About Us

Beachcomber Press was established in 2008. It is a quirky little publishing
outfit located in Tasmania. It publishes eclectic material, usually by invitation.

Hurrah for the Next Man, an anti-war, WWII memoir and Phil Davenport’s
second book, was published in 2009.

A Crack in the Ice, a debut novel by Stevie Davenport, is a crime mystery
and ode to Antarctica. It was published in 2020.

About our Authors

Author profile photo # Phil

Phil Davenport

Phil was born in Sydney, Australia in 1918, the year that marked the start of the Spanish flu pandemic and the end of World War I.

Phil was the eldest of three brothers all of whom flew for the RAAF in Coastal Command during WWII, based in the UK. Phil’s first tour of duty was on Sunderland flying boats, his second on Mosquitos. In April 1945 Phil’s Mosquito was damaged during an attack on German shipping in Porsgrunn Harbour, Norway. Phil and navigator Ron Day crash landed in an icy lake, were rescued by Norwegian farmers and subsequently became POWs.

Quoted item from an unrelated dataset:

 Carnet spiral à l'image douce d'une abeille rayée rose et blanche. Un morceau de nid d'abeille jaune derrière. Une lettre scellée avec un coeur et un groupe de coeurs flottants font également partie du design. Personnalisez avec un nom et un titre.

After the War, Phil worked in China with UNRRA until civil war brought more bullets, and UN staff were withdrawn and returned home.

Phil’s passion for sailing led him to Jock Muir and the building of 47’ cutter Waltzing Matilda. Phil, Jock and their crew campaigned the yacht in the 1949 Sydney-Hobart Race and took out line honours.

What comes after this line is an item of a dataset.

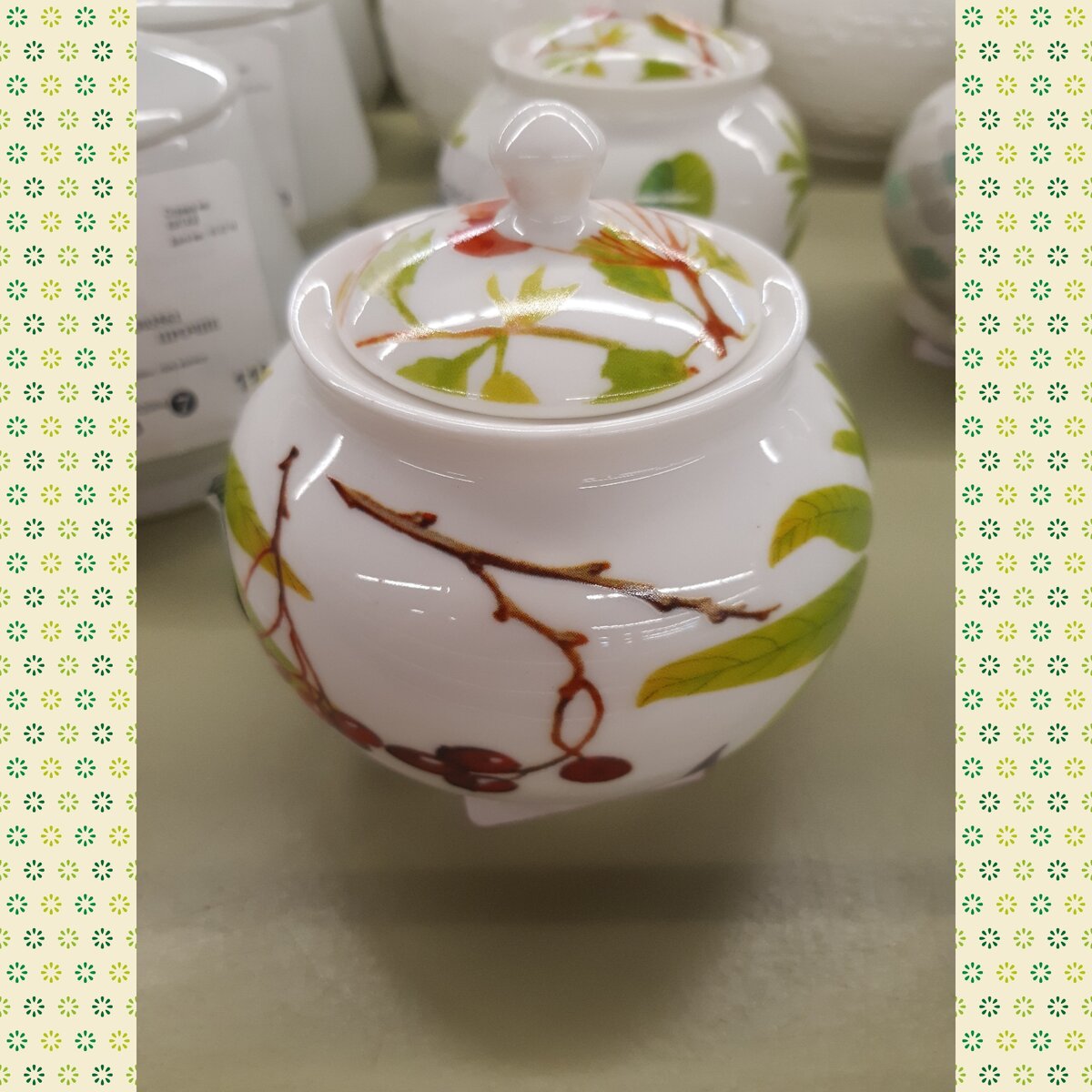 Расцветку описать сложно: вроде бы просто веточки, да листочки, но как освежающе смотрится этот салатовый цвет на белом фоне изделия. Такая сахарница точно сможет украсить собой любой стол или вашу кухню.

In 1950 Phil, with wife Roz, brother Keith and friend Don Brown, sailed the yacht to England via New Zealand, the Patagonian Channels, Magellan Strait and east coast of South America.

In the UK, Phil and Roz lived on the boat, in a mud berth on the Medway River, in Kent. Here, Phil wrote the story of the voyage. It was published in 1953 by Hutchinson & Co Ltd as The Voyage of ‘Waltzing Matilda’.

Phil’s working life as an airline pilot with Qantas took him travelling at a faster pace and living in different places.

Apart from two books, three daughters, and holes in many hearts, Phil’s legacy includes the re-forestation of 25 acres of grazing land in northern NSW. Bisected by a small creek, the grassy patch returned to thriving ecosystems of local rainforest trees and eucalypts, and homes for birds who visited Phil and made his heart sing. He called the property ‘By Golly Gully’.

Author profile photo # Stevie

Stevie Davenport

Stevie was one of the post-World War II fortunates, with a peaceful childhood in Sydney bushland and the woodlands of southern England; a passion for nature studies, adventure and messing about in boats.

After science studies at university, short-term jobs and travel, Stevie joined CSIRO Fisheries at Cronulla NSW in 1980 and worked on projects off the coast of mainland Australia. In 1985 a move to Hobart with CSIRO brought projects in more southern seas.

In 1989 Stevie was a sailor/runner in the inaugural Tasmanian Three Peaks Race, 13th British Three Peaks Race and sailed in the 44th Sydney Hobart Race.

In 1990 she joined the Australian Antarctic Division for the maiden scientific voyage of Aurora Australis to sub-Antarctic Heard Island. There were further scientific voyages on Aurora working on krill, fish or benthos off Antarctica or Heard Island; trips in the early 2000s to Heard Island as a scientific observer on commercial fishing boats, and a circumnavigation of Australia on a container ship to collect data for ground-truthing satellite images of sea surface temperature.

Stevie joined the Tasmanian Writers Centre in 2004 and began a journey in writing non-scientific works that tickled a different part of the brain.

The inspiration for A Crack in the Ice came while working on Aurora Australis. Gazing from the trawl deck across the icy seascape, Stevie yearned for a good fictional yarn set in Antarctica. It was a perfect place for a murder.